The results of the experiment demonstrate the successful determination of the molarity of the hydrochloric acid (HCl) solution with an unknown concentration. By measuring the mass of calcium carbonate (CaCO₃) before and after the reaction and performing the necessary calculations, we were able to determine that 0.092 moles of CaCO₃ were used up in the reaction.

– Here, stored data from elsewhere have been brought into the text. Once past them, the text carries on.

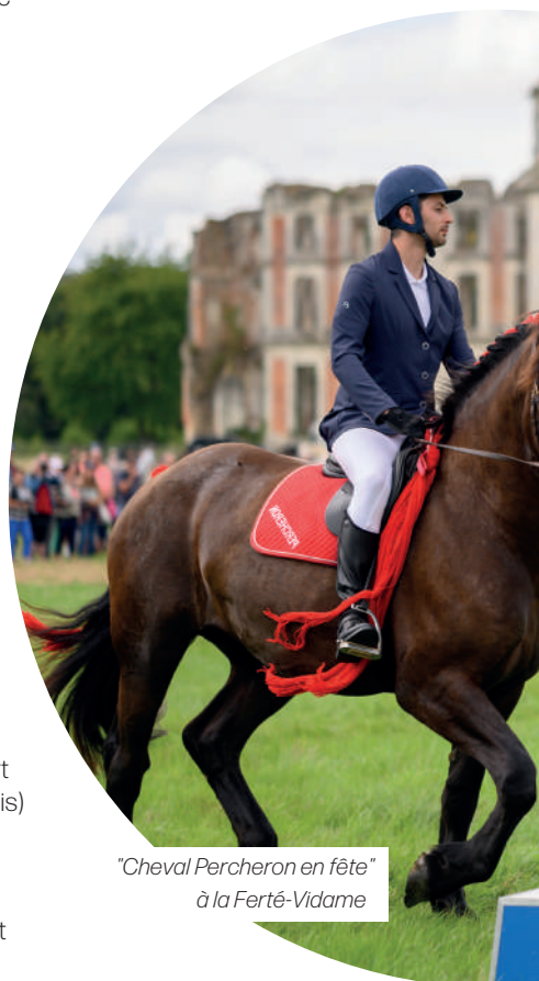
"Cheval Percheron en fête" à la Ferté-Vidame

Première association loi 1901 créée en Eure-et-Loir, l'Avenir Sportif du Thymerais Omnisport (AST Châteauneuf-en-Thymerais) propose de nombreuses activités sportives ouvertes à tous. À ce jour, l'association compte 13 sections sportives et compte environ 1 233 licenciés.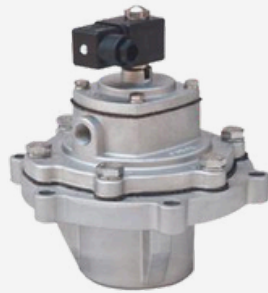
Válvula para Superficies Planas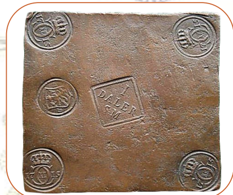
Plåtmynt från 1600-talet som kunde väga upp till 19 kg

Förr så fanns det flera olika sorters mynt i Sverige. En sorts mynt an-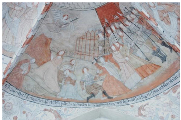
Getsemane (norr). Text: "Christus lidher i Örtagården. Och Jesus sadhe, Juda förråder tu människiones Son meth kyssande? Så stego te fram och bårö händer på honom”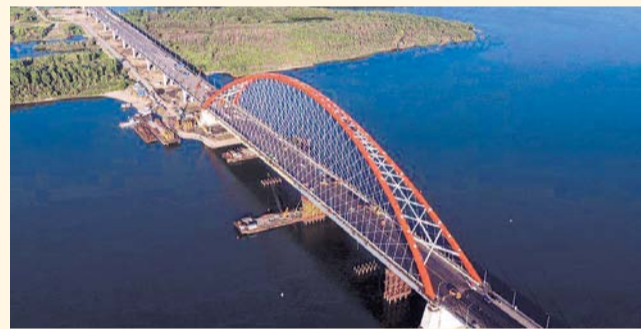
НА ФОТО: ЗА МОСТ УПЛАЧЕНО СПОЛНА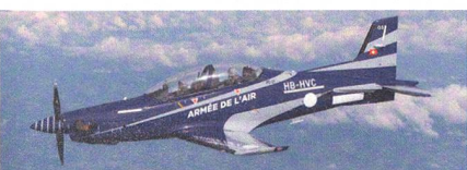
PC-21 für die Pilotenausbildung.

Sie ersetzen die TB 30 Epsilon und den Alpha Jet. Babcock wird acht Jahre lang eine Flotte von 17 Pilatus PC-21, Simulationsanlagen (zwei «Full Mission»-Simulatoren und drei Übungsgeräte), Missionsvorbereitungs- und Debriefingsysteme sowie die dazugehörige Infrastruktur bereitstellen. Jährlich sind etwa 11 500 Flug-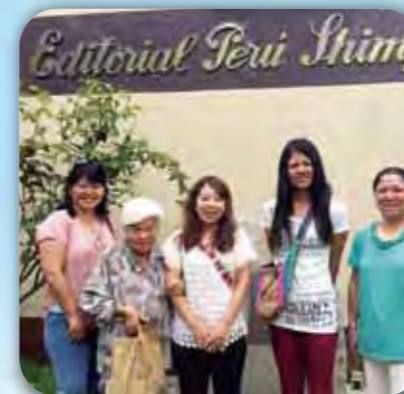
▲日系新聞ペルー新報の前にて

ペルーは海・山・砂漠と1つの国で複数の自然を感じられる国でした。また日系人が運営している施設が多くあり、日系人の活躍を見ることもできました。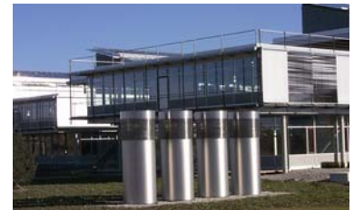
Hightech-Arbeiten hinter moderner Fassade: Am LfU in Augsburg arbeiten 450 Fachleute im Dienst von Bayerns Umwelt.

Vor genau zehn Jahren hat das LfU in der Fuggerstadt seine Arbeit aufgenommen und ist zum Markenzeichen und wichtigen Partner in der Region geworden. Nun gibt es Erfreuliches zu vermelden: Im Frühjahr dieses Jahres hat der Haushaltsausschuss grünes Licht für den Erweiterungsbau am Standort Augsburg gegeben. Ab dem Frühjahr 2010 rücken die Bagger an. Der Neubau soll 16 Millionen Euro kosten und im Frühjahr 2012 fertig gestellt sein. Dann wird die gesamte Umweltanalytik am Standort Augsburg gebündelt und 70 neue Arbeitsplätze werden in Augsburg entstehen.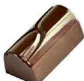
Praliné tradition noir/lait/blanc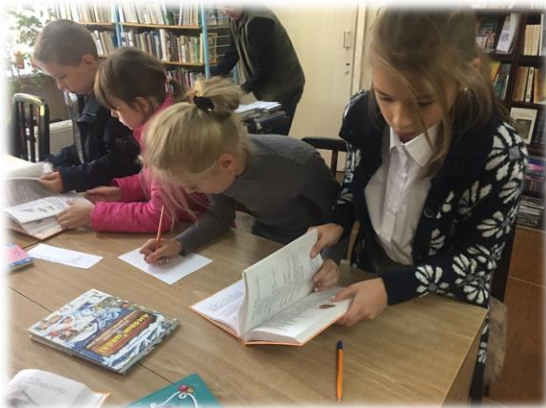
Квест "У пошуках ідеальної книги"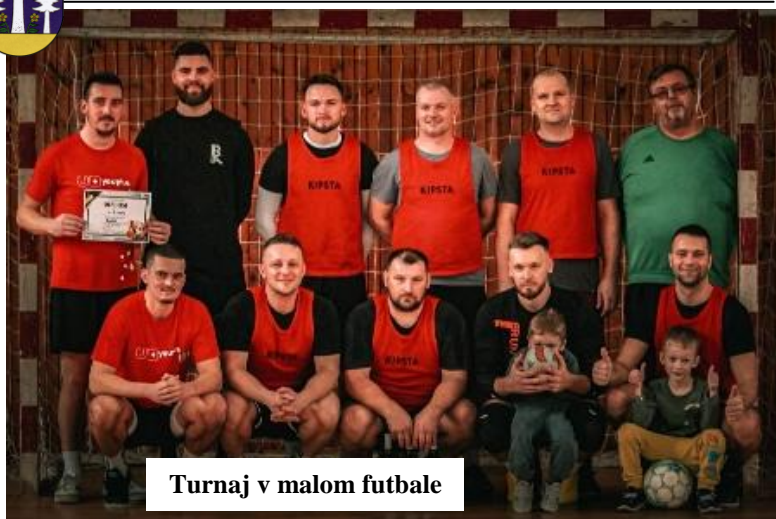
Turnaj v malom futbale

Séria športových podujatí vyvrcholila v nedeľu – 1. februára turnajom v stolnom tenise , kde účastníci predviedli svoju šikovnosť, presnosť a športového ducha.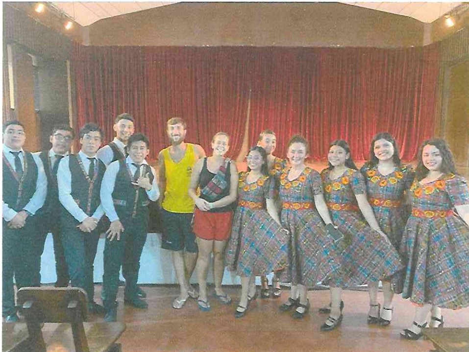
Final Segunda Presentación Grupo de Danza con Marimba Flores Petén, teatro municipal 25 de septiembre 2,022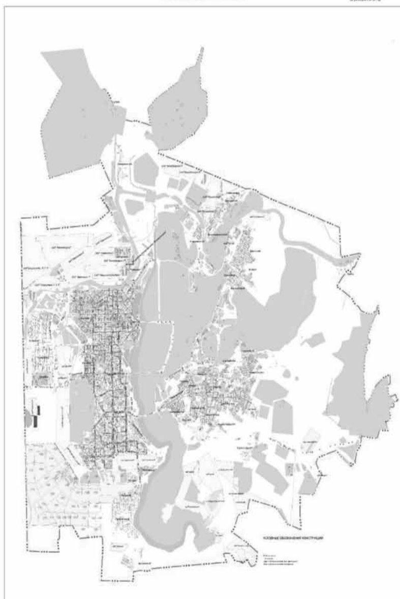
КАРТА РАЗМЕЩЕНИЯ РЕКЛАМНЫХ КОНСТРУКЦИЙ на территории города Магнитогорска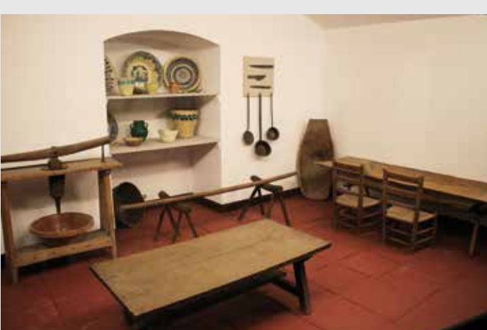
) Utensilios para la matanza y elaboración de chacinas

Destaca, dentro de esta temática, la instalación de una pequeña bodega junto a la sala 6, procedente de El Condado de Huelva, compuesta por 19 bocoyes y 6 medias botas que producen vino de El Condado del tipo oloroso seco, siguiendo el procedimiento artesanal de crianza, con un aroma tan potente que inunda el resto de las salas.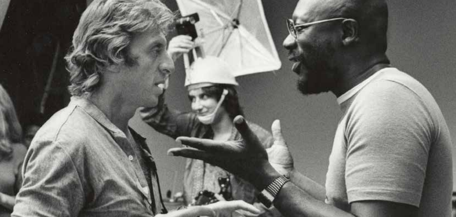
Norman Seeff, Isaac Hayes, 1977 © Norman Seeff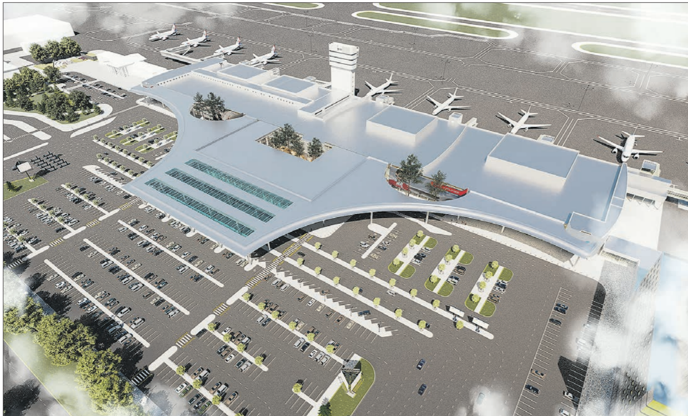
ПРЕСС-СПИЧКА АЭРОПОРТА КОЛЬЦОВО

– Кроме того, в скором времени откроет перелёты Китай, и нам необходимо заранее предусмотреть нали-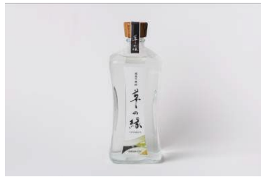
純菊芋焼酎 草の縁 (大浦酒造)

都城市の蔵元より、明治時代に創業した柳田酒造と大浦酒造の芋焼酎、麦焼酎をご提供。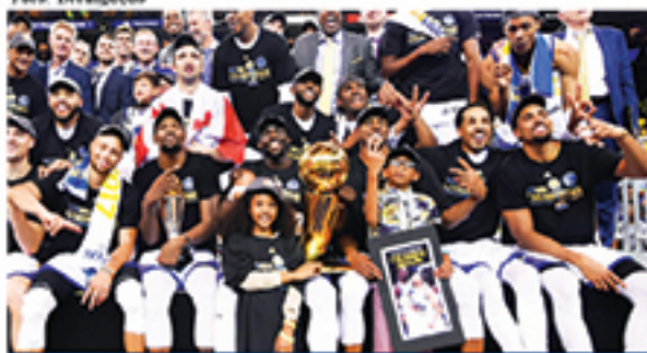
Warriors conquistou mais um título, coroadando trabalho realizado desde a década passada

Favoritos desde o título de 2015, que colocou fim a um jejum de 40 anos sem taças, os Warriors estabeleceram novos parâmetros. Nos resultados, são dois títulos, recorde de vitórias na história da NBA em uma temporada regular (73 vitórias e 9 derrotas em 2015/2016), melhor campanha da história dos playoffs (16 vitórias - sendo 15 seguidas - e apenas uma derrota) e a junção de quatro All-Stars no quinteto titular. Na forma de jogar, o time californiano tem grande "parcela de culpa" na mudança de estilo vista no basquete atual, privilegiando o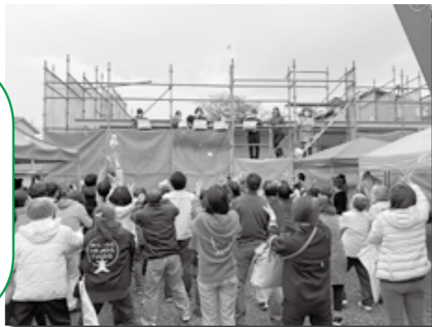
11月19日(土) 上棟式での餅投げの様子

泥まみれになったあの日(「令和2年7月豪雨」)から、やれることもやれないことも全員で全力疾走してきました。「ヒトハレハウス いっとこ」は皆さんの応援のおかげで、あと、あともう少しで完成です!

Furthermore, based on the balanced chemical equation, we determined that 0.046 moles of HCl reacted with the CaCO₃. This allowed us to calculate the molarity of the HCl solution as 0.92 M, indicating that there are 0.92 moles of HCl present in one liter of the solution. Therefore, the experiment was successful in achieving its aim of determining the concentration of the unknown HCl solution.

Conclusion:

In conclusion, this experiment effectively demonstrated the concept of molarity and provided a method for determining the molarity of an unknown hydrochloric acid (HCl) solution. The calculated molarity of the HCl solution was found to be 0.92 M. This information is valuable for chemists and scientists in various fields, as it helps in accurately preparing solutions of known concentrations for experiments and analysis. Additionally, it enhances our understanding of the relationship between moles, molarity, and concentration in chemical solutions.